A supplementary argument in favour of governmental coining---in the abstract---lies in the difficulty of otherwise securing a fair allotment of the loss through wear and tear of standard coins. The convenience of circulation would in any case lead to the establishment---by common agreement if not by governmental regulation---of an allowable margin of deficiency in weight: but coins reduced through wear and tear below this margin would ultimately have to be rejected: and it is obviously unfair that the consequent loss should fall on the individual who, in the passage of a coin from hand to hand, happens to possess it at the exact point of the process of gradual attrition at which it falls below the accepted standard of weight. There seems, however, no effectual way of avoiding this result except that Government should undertake the loss and regularly call in light coin.

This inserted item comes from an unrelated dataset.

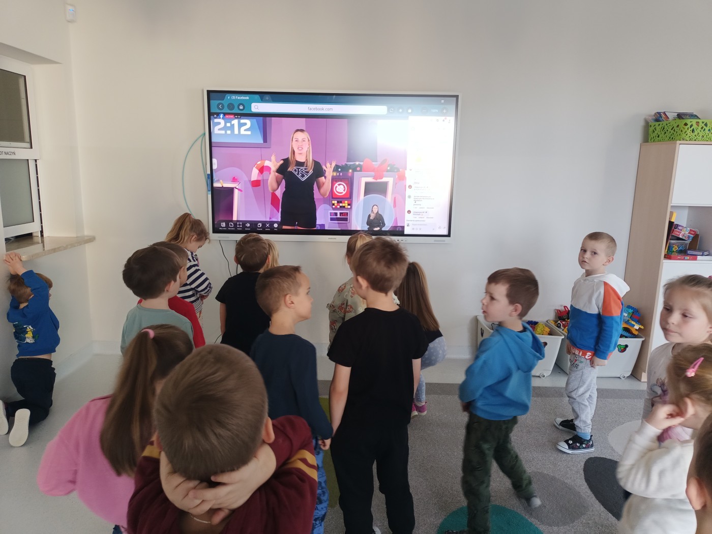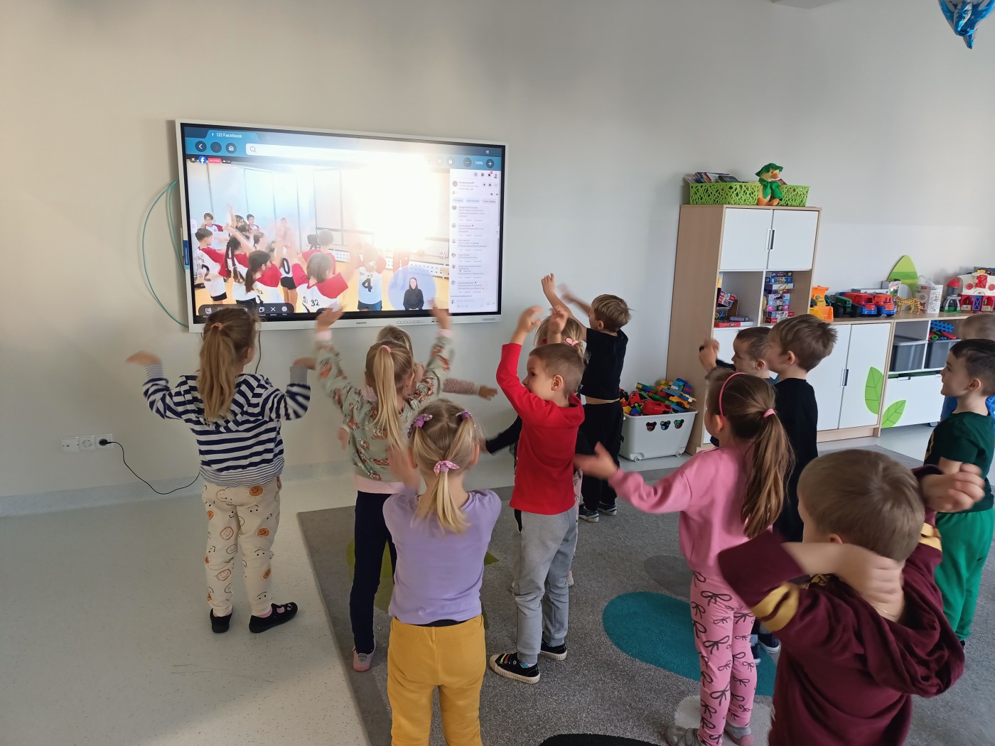 Dzisiaj przedszkolaki wzięły udział we wspólnych ćwiczeniach w ramach Programu Integracyjnego WF – Tajemnice Świątecznej Fabryki. Podczas zajęć dzieci, poprzez ruch i zabawę, rozwiązywały zagadki oraz wykonywały zadania ruchowe, pomagając Mikołajowi w świątecznych przygotowaniach.Ćwiczenia sprzyjały integracji grupy, rozwijały sprawność fizyczną, współpracę oraz uważność na potrzeby innych. Zajęcia dostarczyły dzieciom wiele radości i pozytywnych emocji.

It is to be noted that if coinage were left to private enterprise, the expenses of producing coins would not really fall on the consumer: since, in fact, they would not fall on any one: they would merely have the effect of raising the exchange value of the coin proportionally above the value of the metal contained in it. Hence primâ facie, the same result ought to be brought about, where coinage is monopolized by Government: since, if Government bears the cost, the public loses collectively, without any corresponding gain to the members of the community. On the other hand the advantages of gratuitous coinage are (1) that it guards against the danger of slight fluctuations in the value of coin relatively to bullion, through temporary over-coinage and stoppage of mint; and (2) that otherwise merchants engaged in foreign trade---where coin is merely used as certified bullion---would necessarily lose the mint charge in exporting the coins, and would therefore have to raise the price of foreign goods in order to transfer the loss to consumers. But I know of no evidence from experience to show that danger (1) is considerable: and as regards (2) there does not appear to be any general reason why foreign trade should be thus specially subsidized at the public expense---in fact, as Jevons urges, the argument rather shows the desirability of establishing an international currency, if it be possible.
The general considerations, therefore, seem to be in favour of defraying the whole cost of coining by reduction in the weight of the coins; and, for the reason before given, this cost ought to include the loss through wear or tear, which should be borne by Government calling in the coins that have become too light through use---provided that fraudulent removal of the metal can be adequately prevented.